Please output the lines from the one with "Laser Monster Capybara" through the end of the data exactly as written, omitting all pictures.
[INPUT]
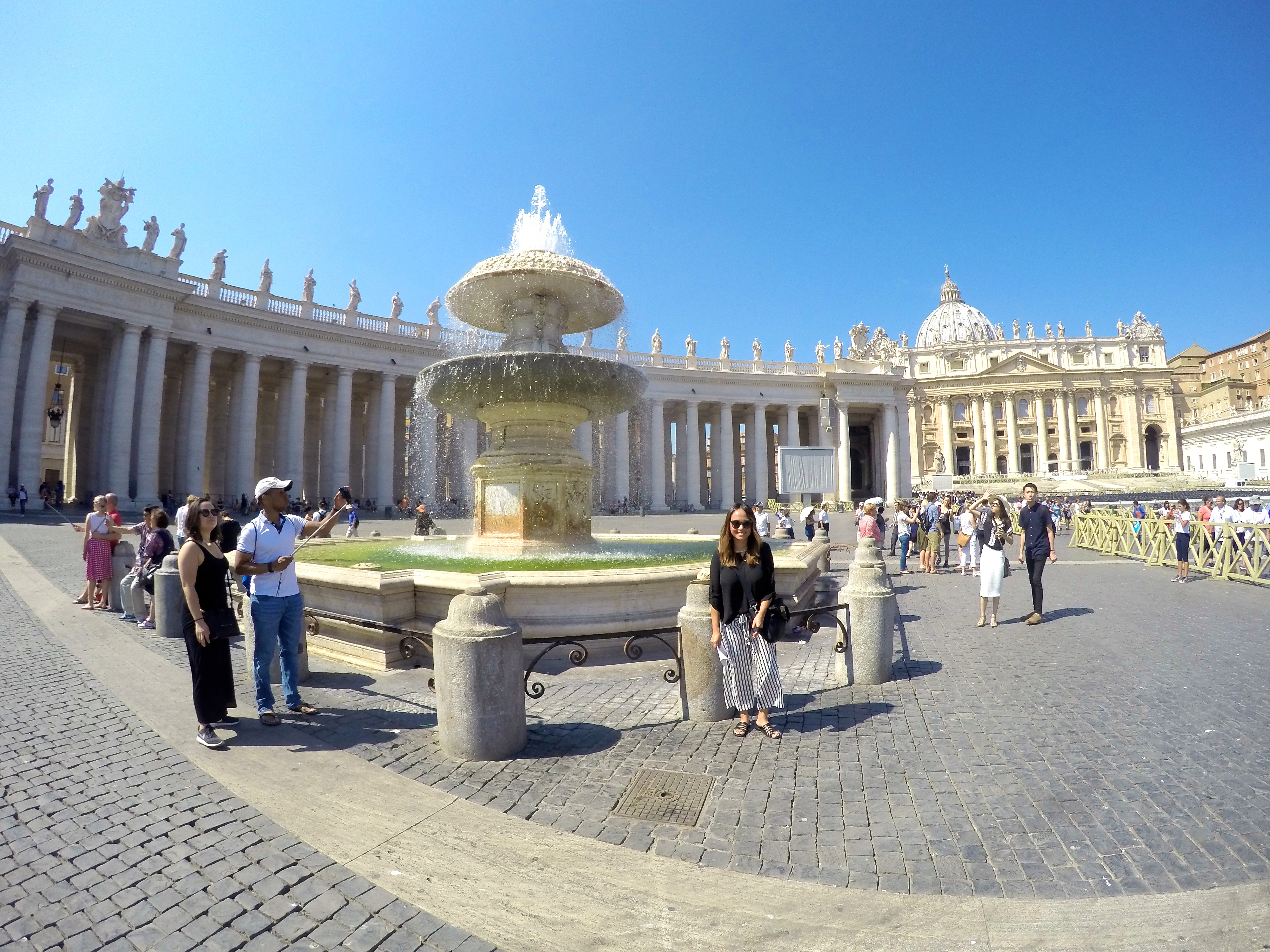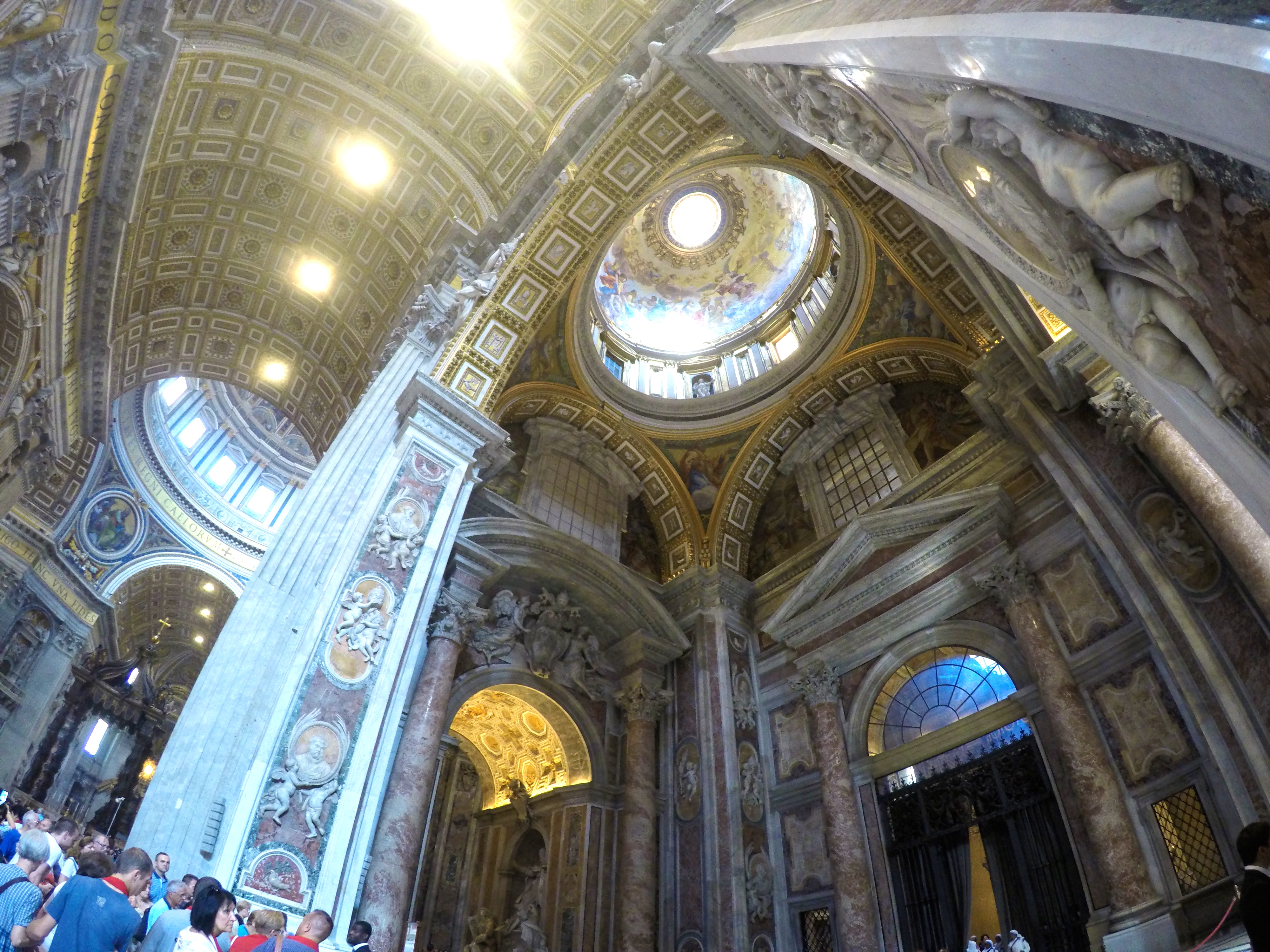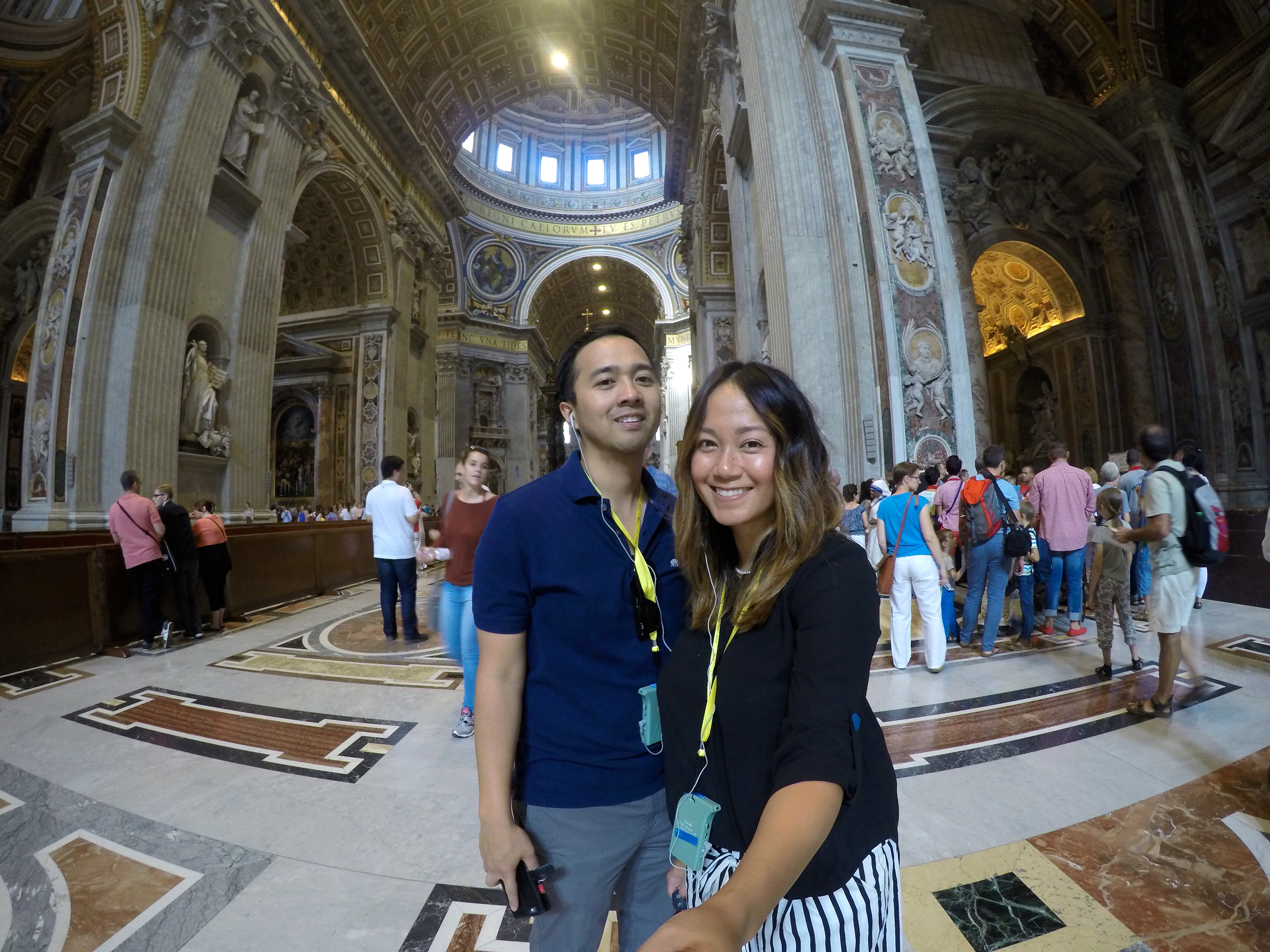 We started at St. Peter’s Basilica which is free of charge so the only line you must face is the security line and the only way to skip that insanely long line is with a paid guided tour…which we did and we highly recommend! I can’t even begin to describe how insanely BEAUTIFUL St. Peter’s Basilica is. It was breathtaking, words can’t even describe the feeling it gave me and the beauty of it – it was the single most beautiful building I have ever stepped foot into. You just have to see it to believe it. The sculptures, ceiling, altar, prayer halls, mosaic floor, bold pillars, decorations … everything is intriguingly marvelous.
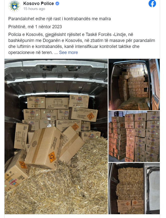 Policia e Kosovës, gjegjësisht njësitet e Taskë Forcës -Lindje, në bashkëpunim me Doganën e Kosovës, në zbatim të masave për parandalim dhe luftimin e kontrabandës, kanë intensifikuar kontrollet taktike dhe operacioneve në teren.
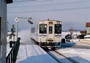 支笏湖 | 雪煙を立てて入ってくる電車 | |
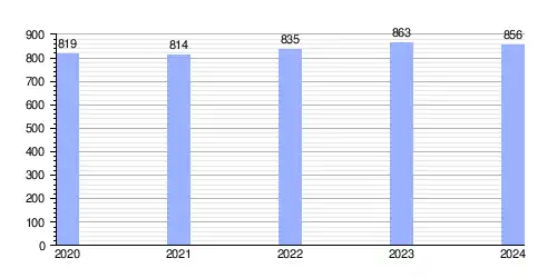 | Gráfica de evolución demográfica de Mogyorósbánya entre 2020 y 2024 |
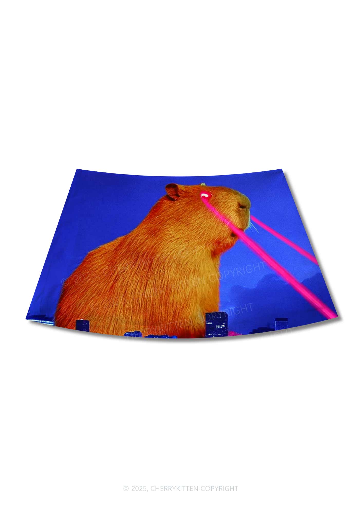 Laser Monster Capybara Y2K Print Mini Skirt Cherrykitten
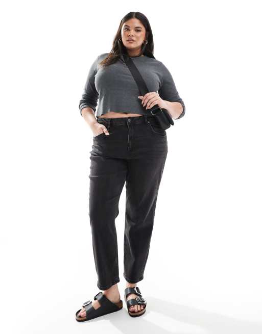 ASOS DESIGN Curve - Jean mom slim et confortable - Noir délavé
[/INPUT]
▶ [RESPONSE TO THIS EXERCISE]:
 Laser Monster Capybara Y2K Print Mini Skirt Cherrykitten
 ASOS DESIGN Curve - Jean mom slim et confortable - Noir délavé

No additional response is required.